### ASSIGNMENT
The listing below holds pictures; exclude them. Return exactly the lines from the one with "变色l_hours = []for" through the one with "Oikiture 6 Chest".

### ENTRIES SUPPLIED
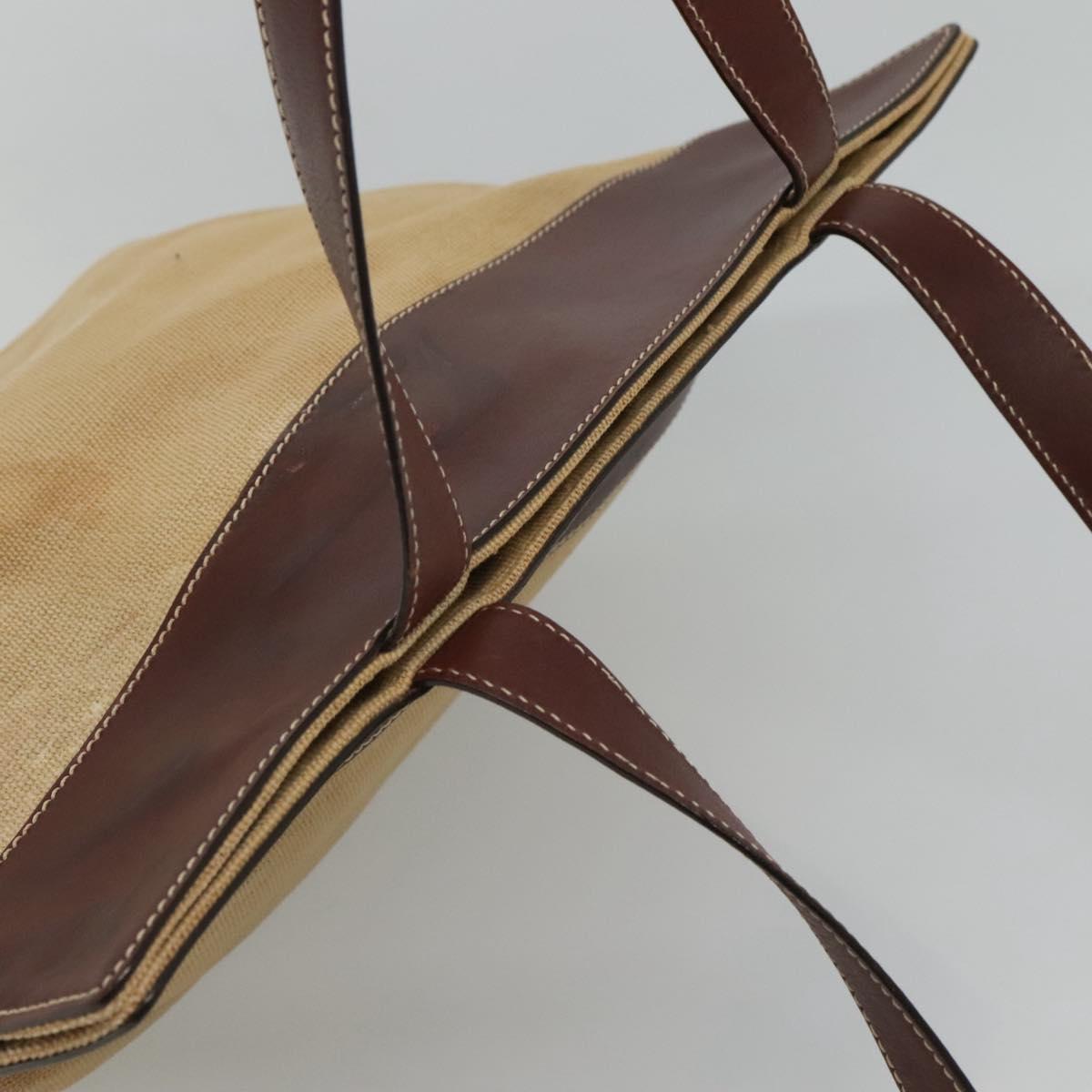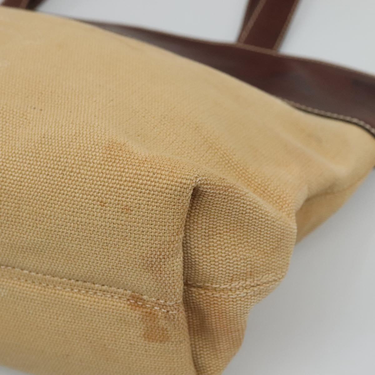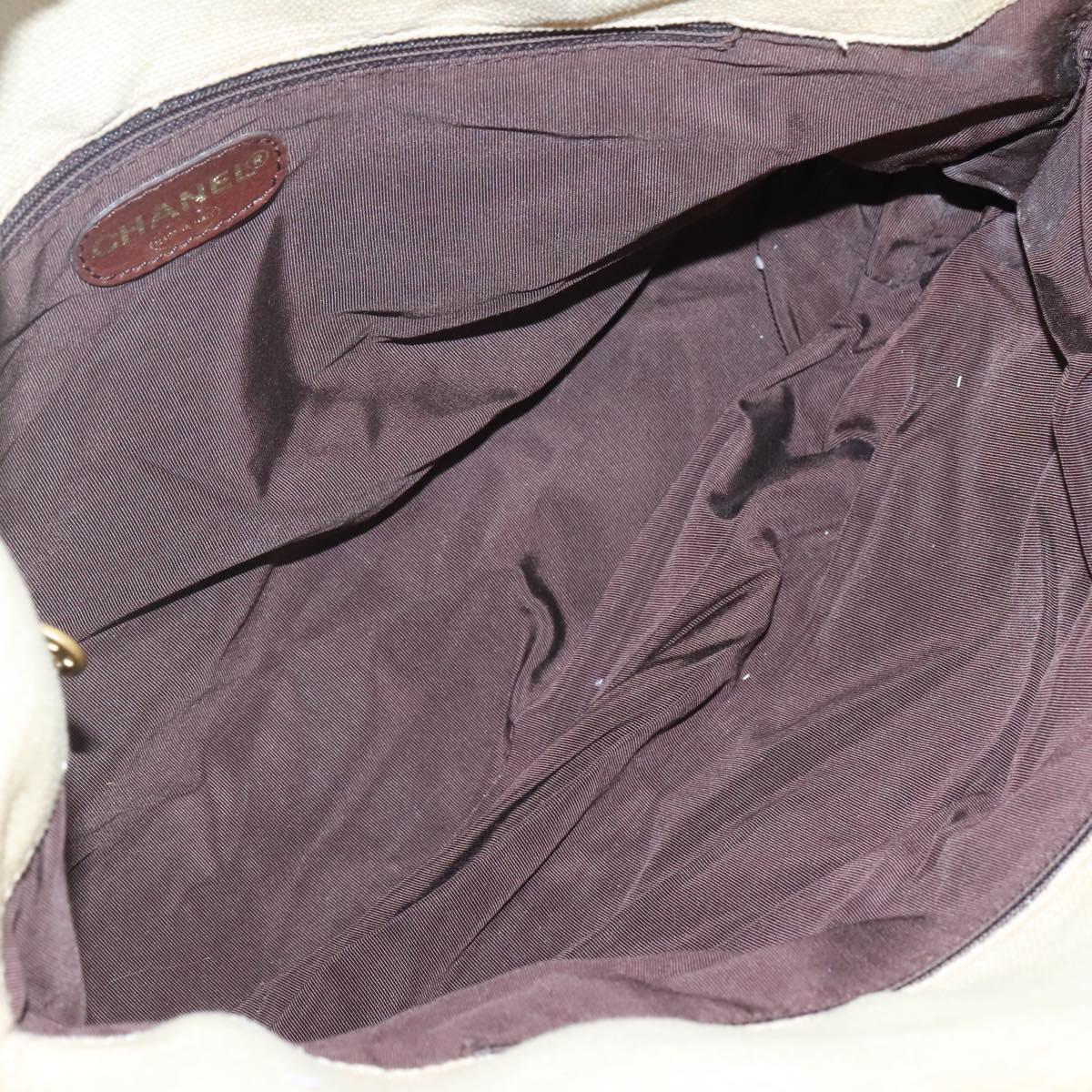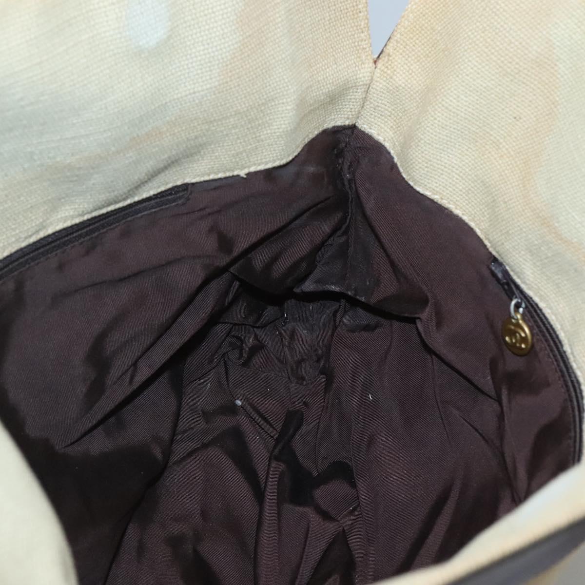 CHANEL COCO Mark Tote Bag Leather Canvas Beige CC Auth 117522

...

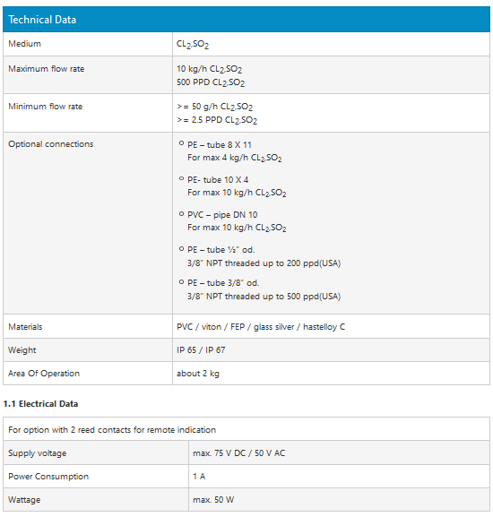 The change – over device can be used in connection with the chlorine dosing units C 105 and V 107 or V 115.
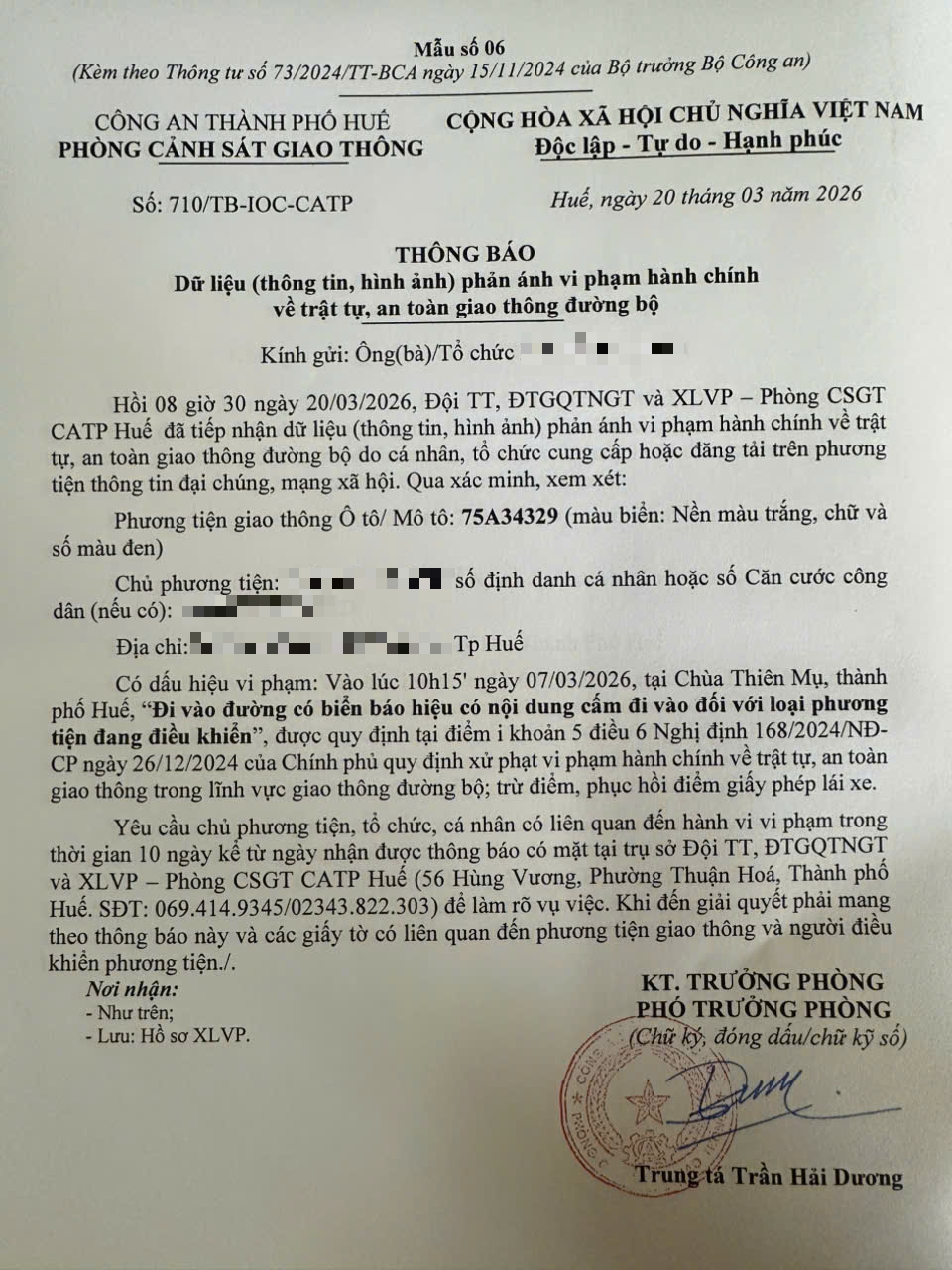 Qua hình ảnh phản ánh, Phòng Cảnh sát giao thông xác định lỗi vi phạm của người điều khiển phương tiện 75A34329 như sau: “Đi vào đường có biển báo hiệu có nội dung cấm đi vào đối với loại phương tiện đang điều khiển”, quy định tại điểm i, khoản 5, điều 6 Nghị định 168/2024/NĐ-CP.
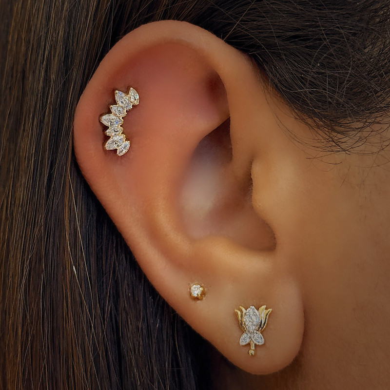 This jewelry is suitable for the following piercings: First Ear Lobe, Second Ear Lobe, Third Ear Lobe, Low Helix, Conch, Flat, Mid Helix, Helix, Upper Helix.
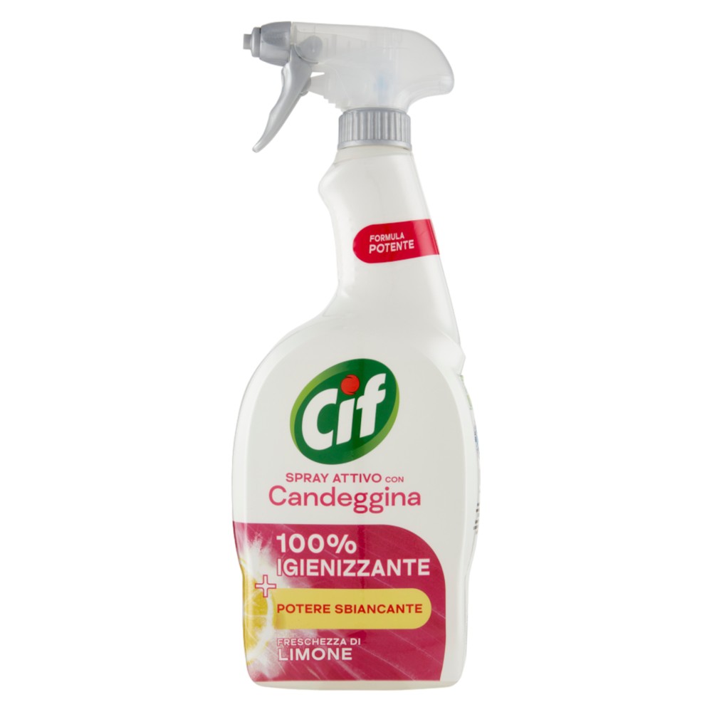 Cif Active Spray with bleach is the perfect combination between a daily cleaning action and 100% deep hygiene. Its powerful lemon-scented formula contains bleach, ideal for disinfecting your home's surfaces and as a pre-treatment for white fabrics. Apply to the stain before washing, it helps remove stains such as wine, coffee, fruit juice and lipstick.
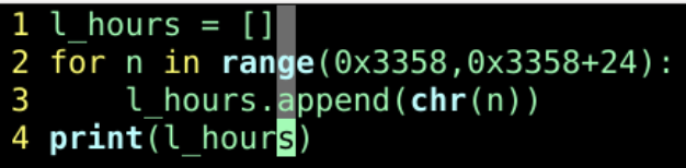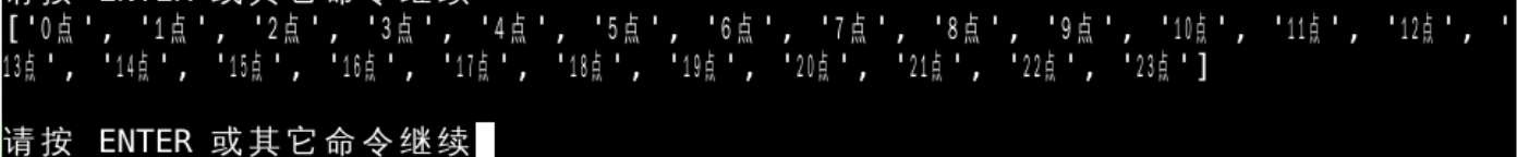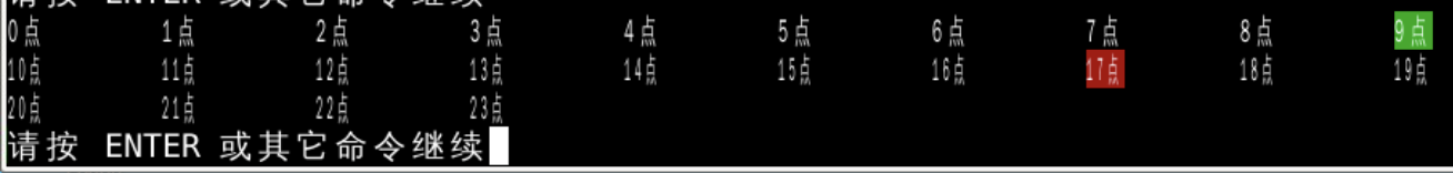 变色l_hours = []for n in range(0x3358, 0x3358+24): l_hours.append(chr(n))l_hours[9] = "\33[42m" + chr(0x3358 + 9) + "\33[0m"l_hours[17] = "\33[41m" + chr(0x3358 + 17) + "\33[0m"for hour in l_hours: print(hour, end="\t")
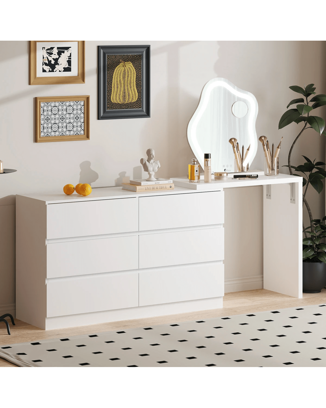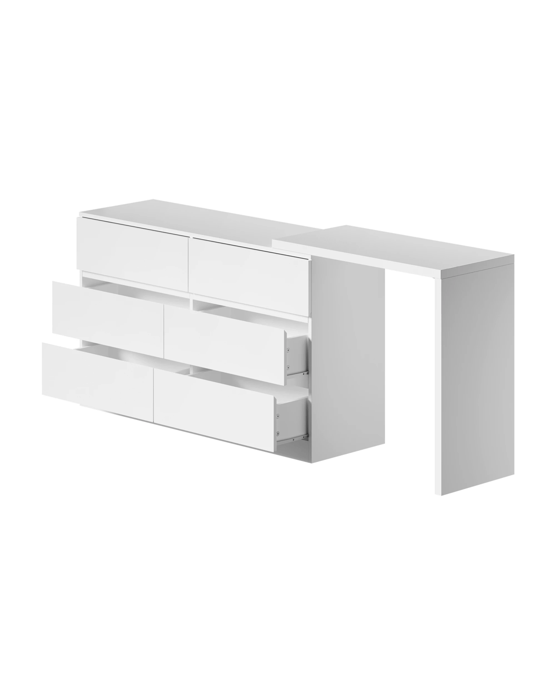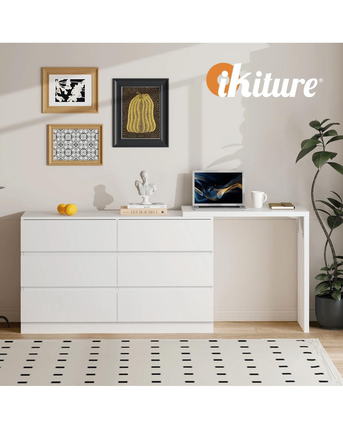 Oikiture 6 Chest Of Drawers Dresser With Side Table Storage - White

### SOLUTION
 变色l_hours = []for n in range(0x3358, 0x3358+24): l_hours.append(chr(n))l_hours[9] = "\33[42m" + chr(0x3358 + 9) + "\33[0m"l_hours[17] = "\33[41m" + chr(0x3358 + 17) + "\33[0m"for hour in l_hours: print(hour, end="\t")
 Oikiture 6 Chest Of Drawers Dresser With Side Table Storage - White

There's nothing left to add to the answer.